● **The task**
Take the listing below and write it out again exactly, skipping any picture that it holds.

==== Records for this task ====

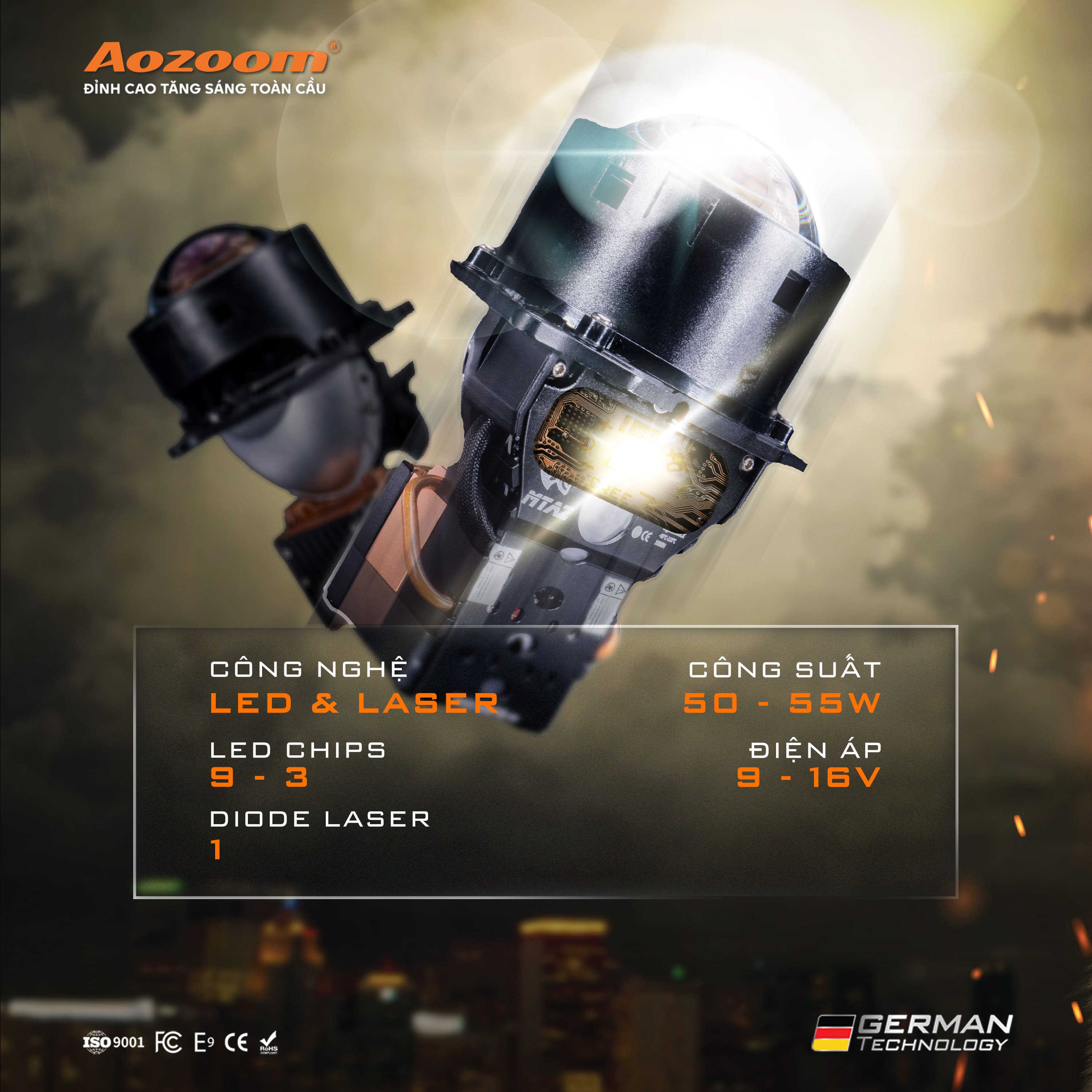 Bi LASER sở hữu công nghệ đặc biệt của AOZOOM “lên pha giảm cos” giúp cho mắt của người lái xe điều tiết theo chùm pha, quan sát rõ ràng hơn.
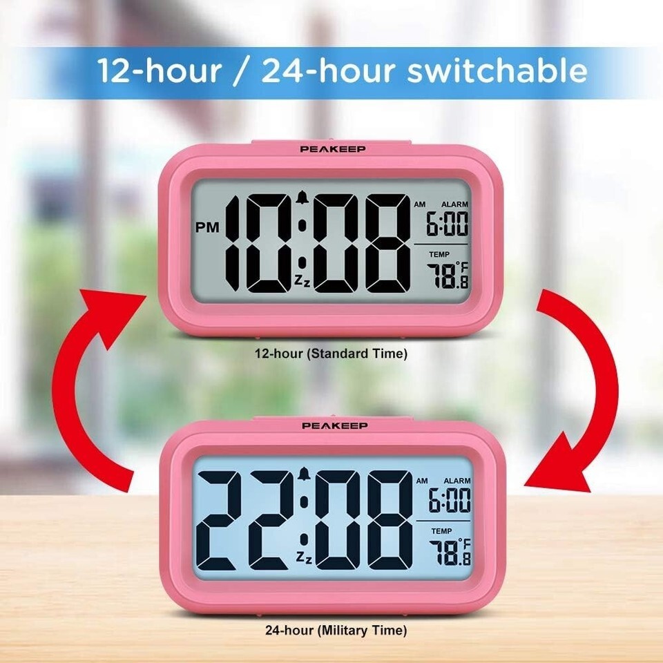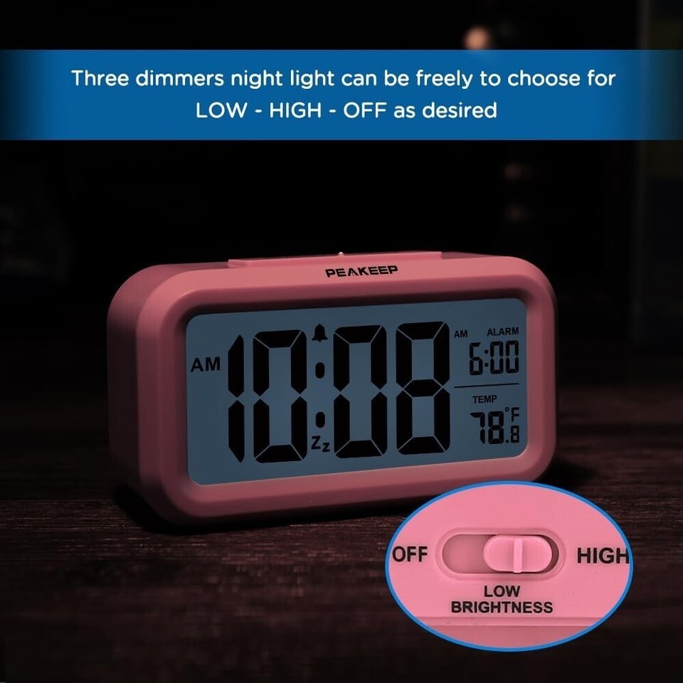 - Battery Operated Pink Digital Alarm Clock with Adjustable Brightness & Snooze
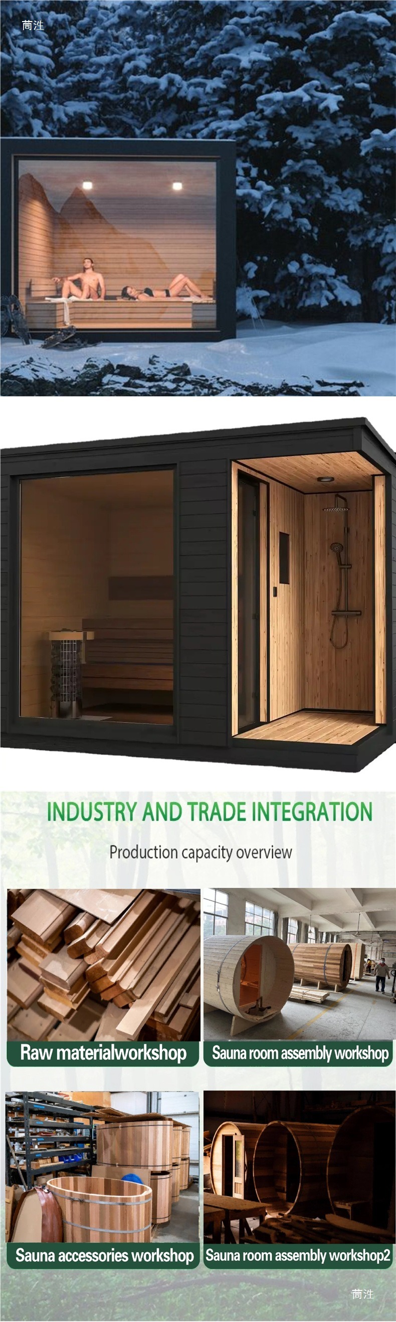 - Professionel saunaovn: Effektiv opvarmning til fordybende oplevelse: Udstyret med en saunaovn af høj kvalitet af sten eller bjælke, opvarmes den hurtigt og opretholder ensartet temperatur (justerbar fra 30-60 ℃). Hæld vand på de varme sten for at generere øjeblikkelig damp, blandet med den naturlige duft af træstammer, hvilket giver en autentisk saunaoplevelse, der lindrer muskeltræthed og stress.
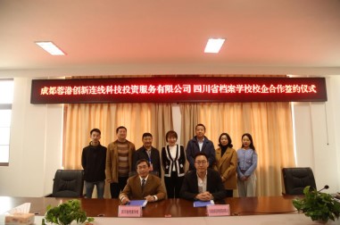 成都蓉港创新连线科技投资服务有限公司培训部总经理都浩、企划总监霍海铃、总经理助理柴琦、档案校副校长童以鸿和相关科室负责人参加签约仪式。
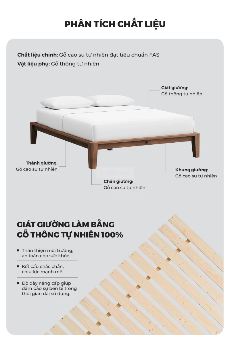 Giường Gỗ Không Tựa Lưng Togismart Chân To Bản Bo Góc Mềm Mại An Toàn Cho Trẻ Nhỏ Va Chạm - Mã GN106

====

● **Response**
 Bi LASER sở hữu công nghệ đặc biệt của AOZOOM “lên pha giảm cos” giúp cho mắt của người lái xe điều tiết theo chùm pha, quan sát rõ ràng hơn.
 - Battery Operated Pink Digital Alarm Clock with Adjustable Brightness & Snooze
 - Professionel saunaovn: Effektiv opvarmning til fordybende oplevelse: Udstyret med en saunaovn af høj kvalitet af sten eller bjælke, opvarmes den hurtigt og opretholder ensartet temperatur (justerbar fra 30-60 ℃). Hæld vand på de varme sten for at generere øjeblikkelig damp, blandet med den naturlige duft af træstammer, hvilket giver en autentisk saunaoplevelse, der lindrer muskeltræthed og stress.
 成都蓉港创新连线科技投资服务有限公司培训部总经理都浩、企划总监霍海铃、总经理助理柴琦、档案校副校长童以鸿和相关科室负责人参加签约仪式。
 Giường Gỗ Không Tựa Lưng Togismart Chân To Bản Bo Góc Mềm Mại An Toàn Cho Trẻ Nhỏ Va Chạm - Mã GN106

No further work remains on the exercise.